TASK DETAILS: The answer must be an exact copy of every record below.

TASK DATA: Begin

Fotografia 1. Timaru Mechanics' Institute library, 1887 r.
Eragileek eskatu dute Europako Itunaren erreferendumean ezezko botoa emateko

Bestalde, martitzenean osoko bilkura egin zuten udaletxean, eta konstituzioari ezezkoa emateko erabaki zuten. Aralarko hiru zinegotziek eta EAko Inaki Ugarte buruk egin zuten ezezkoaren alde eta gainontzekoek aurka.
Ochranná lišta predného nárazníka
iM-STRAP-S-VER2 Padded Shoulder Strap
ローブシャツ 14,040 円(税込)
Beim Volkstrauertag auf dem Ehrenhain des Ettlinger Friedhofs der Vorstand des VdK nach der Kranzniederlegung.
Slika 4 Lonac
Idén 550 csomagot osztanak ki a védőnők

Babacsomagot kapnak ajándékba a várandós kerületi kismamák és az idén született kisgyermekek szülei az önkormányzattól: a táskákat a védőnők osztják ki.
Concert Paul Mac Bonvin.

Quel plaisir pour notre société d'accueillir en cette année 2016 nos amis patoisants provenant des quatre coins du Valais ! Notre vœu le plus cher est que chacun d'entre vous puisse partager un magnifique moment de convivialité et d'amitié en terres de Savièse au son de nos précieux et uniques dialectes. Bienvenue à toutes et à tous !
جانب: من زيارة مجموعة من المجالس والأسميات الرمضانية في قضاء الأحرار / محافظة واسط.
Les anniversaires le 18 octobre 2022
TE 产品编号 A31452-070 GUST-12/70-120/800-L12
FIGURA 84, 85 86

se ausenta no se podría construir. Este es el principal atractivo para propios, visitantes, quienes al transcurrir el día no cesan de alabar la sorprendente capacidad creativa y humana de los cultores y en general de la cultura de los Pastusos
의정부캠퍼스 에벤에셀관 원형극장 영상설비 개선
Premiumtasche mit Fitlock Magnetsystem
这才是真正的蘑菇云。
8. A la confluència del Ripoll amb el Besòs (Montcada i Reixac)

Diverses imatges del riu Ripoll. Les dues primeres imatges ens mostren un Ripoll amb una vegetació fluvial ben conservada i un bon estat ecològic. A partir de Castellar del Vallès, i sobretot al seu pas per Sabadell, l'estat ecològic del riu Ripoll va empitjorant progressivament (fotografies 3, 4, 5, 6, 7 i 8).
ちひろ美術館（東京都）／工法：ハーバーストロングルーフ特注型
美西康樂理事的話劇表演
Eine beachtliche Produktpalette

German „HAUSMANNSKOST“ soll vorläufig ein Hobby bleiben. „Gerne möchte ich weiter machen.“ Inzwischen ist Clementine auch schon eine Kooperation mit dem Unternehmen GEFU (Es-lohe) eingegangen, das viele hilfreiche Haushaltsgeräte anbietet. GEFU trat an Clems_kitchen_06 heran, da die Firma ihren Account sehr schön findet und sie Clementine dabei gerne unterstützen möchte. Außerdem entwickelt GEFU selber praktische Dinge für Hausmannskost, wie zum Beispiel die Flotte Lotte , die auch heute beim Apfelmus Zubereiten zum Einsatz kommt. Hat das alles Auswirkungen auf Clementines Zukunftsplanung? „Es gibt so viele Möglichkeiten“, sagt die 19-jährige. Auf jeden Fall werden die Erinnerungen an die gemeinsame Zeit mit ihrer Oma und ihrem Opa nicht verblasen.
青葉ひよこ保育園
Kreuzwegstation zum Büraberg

TASK DATA: End

ANSWER:
Fotografia 1. Timaru Mechanics' Institute library, 1887 r.
Eragileek eskatu dute Europako Itunaren erreferendumean ezezko botoa emateko

Bestalde, martitzenean osoko bilkura egin zuten udaletxean, eta konstituzioari ezezkoa emateko erabaki zuten. Aralarko hiru zinegotziek eta EAko Inaki Ugarte buruk egin zuten ezezkoaren alde eta gainontzekoek aurka.
Ochranná lišta predného nárazníka
iM-STRAP-S-VER2 Padded Shoulder Strap
ローブシャツ 14,040 円(税込)
Beim Volkstrauertag auf dem Ehrenhain des Ettlinger Friedhofs der Vorstand des VdK nach der Kranzniederlegung.
Slika 4 Lonac
Idén 550 csomagot osztanak ki a védőnők

Babacsomagot kapnak ajándékba a várandós kerületi kismamák és az idén született kisgyermekek szülei az önkormányzattól: a táskákat a védőnők osztják ki.
Concert Paul Mac Bonvin.

Quel plaisir pour notre société d'accueillir en cette année 2016 nos amis patoisants provenant des quatre coins du Valais ! Notre vœu le plus cher est que chacun d'entre vous puisse partager un magnifique moment de convivialité et d'amitié en terres de Savièse au son de nos précieux et uniques dialectes. Bienvenue à toutes et à tous !
جانب: من زيارة مجموعة من المجالس والأسميات الرمضانية في قضاء الأحرار / محافظة واسط.
Les anniversaires le 18 octobre 2022
TE 产品编号 A31452-070 GUST-12/70-120/800-L12
FIGURA 84, 85 86

se ausenta no se podría construir. Este es el principal atractivo para propios, visitantes, quienes al transcurrir el día no cesan de alabar la sorprendente capacidad creativa y humana de los cultores y en general de la cultura de los Pastusos
의정부캠퍼스 에벤에셀관 원형극장 영상설비 개선
Premiumtasche mit Fitlock Magnetsystem
这才是真正的蘑菇云。
8. A la confluència del Ripoll amb el Besòs (Montcada i Reixac)

Diverses imatges del riu Ripoll. Les dues primeres imatges ens mostren un Ripoll amb una vegetació fluvial ben conservada i un bon estat ecològic. A partir de Castellar del Vallès, i sobretot al seu pas per Sabadell, l'estat ecològic del riu Ripoll va empitjorant progressivament (fotografies 3, 4, 5, 6, 7 i 8).
ちひろ美術館（東京都）／工法：ハーバーストロングルーフ特注型
美西康樂理事的話劇表演
Eine beachtliche Produktpalette

German „HAUSMANNSKOST“ soll vorläufig ein Hobby bleiben. „Gerne möchte ich weiter machen.“ Inzwischen ist Clementine auch schon eine Kooperation mit dem Unternehmen GEFU (Es-lohe) eingegangen, das viele hilfreiche Haushaltsgeräte anbietet. GEFU trat an Clems_kitchen_06 heran, da die Firma ihren Account sehr schön findet und sie Clementine dabei gerne unterstützen möchte. Außerdem entwickelt GEFU selber praktische Dinge für Hausmannskost, wie zum Beispiel die Flotte Lotte , die auch heute beim Apfelmus Zubereiten zum Einsatz kommt. Hat das alles Auswirkungen auf Clementines Zukunftsplanung? „Es gibt so viele Möglichkeiten“, sagt die 19-jährige. Auf jeden Fall werden die Erinnerungen an die gemeinsame Zeit mit ihrer Oma und ihrem Opa nicht verblasen.
青葉ひよこ保育園
Kreuzwegstation zum Büraberg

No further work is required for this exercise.